Title: MicroTE: Fine Grained Traffic Engineering for Data Centers
Authors: Theophilus Benson, Ashok Anand, Aditya Akella and Ming Zhang
Novel Idea: In this paper, the authors designed and implemented MicroTE, a fine-grained traffic engineering scheme that can work on top of a variety of data center network topologies and can adapt to traffic variations, using a central controller to create a global view of the network conditions and traffic demands. They implemented MicoTE within the OpenFlow framework to coordinate traffic scheduling in the network.
Main Result: The main result of the paper is the design and implementation of the new fine-grained and adaptive traffic engineering scheme, MicroTE that can reduce the losses and congestion inside data centers. Through experimentation, the authors found that MicroTE performs close to optimal when traffic is predictable but it approaches the performance of ECMP when traffic is not predictable.
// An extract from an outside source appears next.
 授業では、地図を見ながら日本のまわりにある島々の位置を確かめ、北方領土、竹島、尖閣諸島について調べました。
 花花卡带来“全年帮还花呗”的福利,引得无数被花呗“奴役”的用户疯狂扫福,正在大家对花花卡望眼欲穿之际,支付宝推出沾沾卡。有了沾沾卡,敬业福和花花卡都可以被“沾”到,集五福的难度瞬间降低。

Prior Work: MicroTE uses OpenFlow to coordinate scheduling of traffic within the network. MicroTE was implemented within the OpenFlow framework. A logically-centralized NOX controller [18] is used to gather a global network view and determine
how flows traverse the network.
Competitive Work: The authors performed an analysis and evaluation of other existing data center network architectures and talked about their most concerning issues. Namely, they refered to the Canonical tree topology (they analyze a canonical 2-tier tree topology with two cores), the Fat-Tree interconnect [16], VL2 [9] and Hedera [2]. They found that existing techniques don't manage to control losses in case of bursty traffic in the data center, either because they don't use multipath routing, or they don't take instantaneous load into account and they don't make decisions based on a global view of the system.
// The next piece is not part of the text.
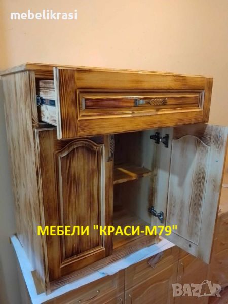 Класически кухненски шкаф изработен изцяло от естествено дърво/БОР/.

Evidence: The authors begun with an evaluation and analysis of existing traffic engineering techniques using real data center traces. They conducted simulations using traces from two data centers, a large cloud computing data center and a university's private data center. The results indicate that their performance is only 80% of the optimal routing mechanism because they either fail to adapt to changes in the traffic load, they don't take into account a global view of the traffic to make routing decisions and they don't perform multipath routing. The authors analyzed the traffic patterns and used their findings to motivate MicroTE. Through experimentation on real data center traces they found that MicroTE performs within 1-15% of the optimal for real traffic traces and for high traffic predictability it performs closer to optimal routing. For low traffic predictability its performance is closer to ECMP. They found that the overhead imposed by MicroTE due to control messages for traffic monitoring and modification of the switch routing entries, is low.
Criticism: Overall, this is a very interesting paper mainly because it offers a broad view of other existing frameworks and a comparison between them, and then presents MicroTE as a solution to the main issues imposed by those frameworks. The evaluation part of the paper is thorough. The authors check how their proposed solution performs under realistic workloads, under different levels of predictability and how well it could scale to large data centers. Overall this paper offers a considerable alternative to existing traffic engineering schemes.